Agreed, why can't the Americans ever get the date the right way round? Its bloody annoying.

posted by : James, 06 February 2009Complain about this comment
@David & James

Too bloody right! There is nothing more annoying than seeing a date and not knowing if it's in month/day or day/month. As a fellow Brit, it is always (and should always be anyway!) day/month/year. Honestly... next thing you know people will be saying it's color not coloUr and favorite and not favoUrite. Urgh!

posted by : Dave, 06 February 2009Complain about this comment
Puny humans!

Your tiny human brains can not grasp the simple concept of galactic time formatting! Therefore, you should be destroyed! All humans are vermin in the eyes of Morbo!

posted by : Morbo, 06 February 2009Complain about this comment
@Dave, James and Dave

You are all wrong. No one should use d/m/y OR m/d/y, precisely because there is at least one dope who uses the other format, thus making both formats ambiguous. The only intelligent formats are yyyy/mm/dd (Japanese) or yyyy.mm.dd (ANSI). There is no format that has y/d/m, so if you see the year first, it must be y/m/d. Therefore it is unambiguous :) It would be nice if the government would legislate that all new cash registers had to use the same format.

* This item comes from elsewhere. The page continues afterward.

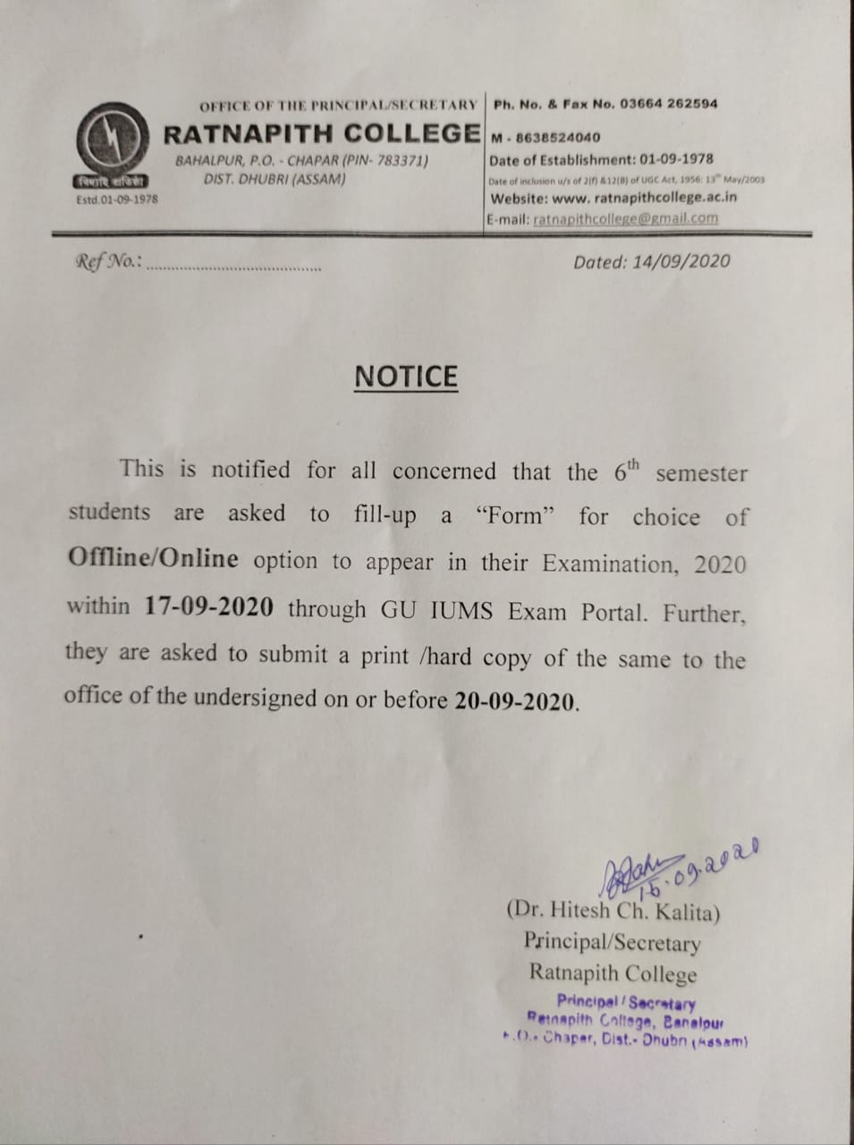 - 1st & 3rd Semester Exam Form fill up Notice View

Preferably y/m/d, but at least pick one and force consistency.

posted by : Dale, 06 February 2009Complain about this comment
Of course they lied

How else do you think they could make everyone relax and start sharing again? Its simple business practice to increase turnover $$$$$$$$

posted by : Paz, 06 February 2009Complain about this comment
@Dale

Actually, I fully agree with the YYYY.MM.DD layout as being even more sensible than D/M/Y - as a programmer I always store dates as YYYYMMDD or date/times as YYYYMMDDhhmmss so they can be easily sorted. I also tend to avoid using any timestamp value due to stupid 32-bit limitations. Ok, so my dates are going to fail on January 1st 10000 - however, I don't think I'm going to be around quite that long...

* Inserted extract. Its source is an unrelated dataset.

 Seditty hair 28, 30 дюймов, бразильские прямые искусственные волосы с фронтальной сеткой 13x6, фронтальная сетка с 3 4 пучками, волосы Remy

posted by : David, 06 February 2009Complain about this comment
@Dave (colour/color)

Oh, and Dave. I was told that typing "color" always takes more keypresses for a Brit than typing "colour": c o l o u r (7 keypresses) c o l o u r backspace backspace r (10 keypresses) Mind you,I've always thought that "centre" was a very stupid way of spelling "center". ;-)

posted by : David, 06 February 2009Complain about this comment
riaa owns the american govt

just ask their flunky Obama

posted by : mogwai, 06 February 2009Complain about this comment
Leave it to the INQ readers...

Leave it to the INQ readers to once again completely miss the point of the article. It is NOT about time, dates, or colors (yes, I'm from the US). It's about the RIAA's lies. I have to disagree with Emma regarding the quote, "When we originally initiated the litigation program some five years ago, we made clear that law suits were not our preffered response". I believe the RIAA really does not prefer the lawsuit route. They would much prefer the extortion process that they have used because it costs them less money than a lawsuit. Lawsuits require more lawyers, research, and all kinds of real evidence. Extortion only requires a hunch (no evidence) that someone broke the law, one person to deliver the threat, and absolutely no research.

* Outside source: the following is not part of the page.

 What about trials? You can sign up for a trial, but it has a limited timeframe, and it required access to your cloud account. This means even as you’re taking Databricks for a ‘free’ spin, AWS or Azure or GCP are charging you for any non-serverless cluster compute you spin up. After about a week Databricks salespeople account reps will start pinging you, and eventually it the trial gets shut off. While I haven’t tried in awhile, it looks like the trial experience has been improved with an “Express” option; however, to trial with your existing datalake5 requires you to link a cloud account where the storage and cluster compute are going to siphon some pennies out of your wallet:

posted by : Ted, 06 February 2009Complain about this comment
@Ted

"Leave it to the INQ readers to once again completely miss the point of the article." Yep, that's us ;-)

posted by : David, 06 February 2009Complain about this comment
They are not mutually exclusive

Ted said p " i I believe the RIAA really does not prefer the lawsuit route. They would much prefer the extortion process that they have used because it costs them less money than a lawsuit. Lawsuits require more lawyers, research, and all kinds of real evidence. Extortion only requires a hunch (no evidence) that someone broke the law, one person to deliver the threat, and absolutely no research. /i " p LOL. p Actually, of course, they use both. First they try extortion before the lawsuit (they used to use retired cops for that). Then if that doesn't work they use a sham lawsuit as a means of extortion.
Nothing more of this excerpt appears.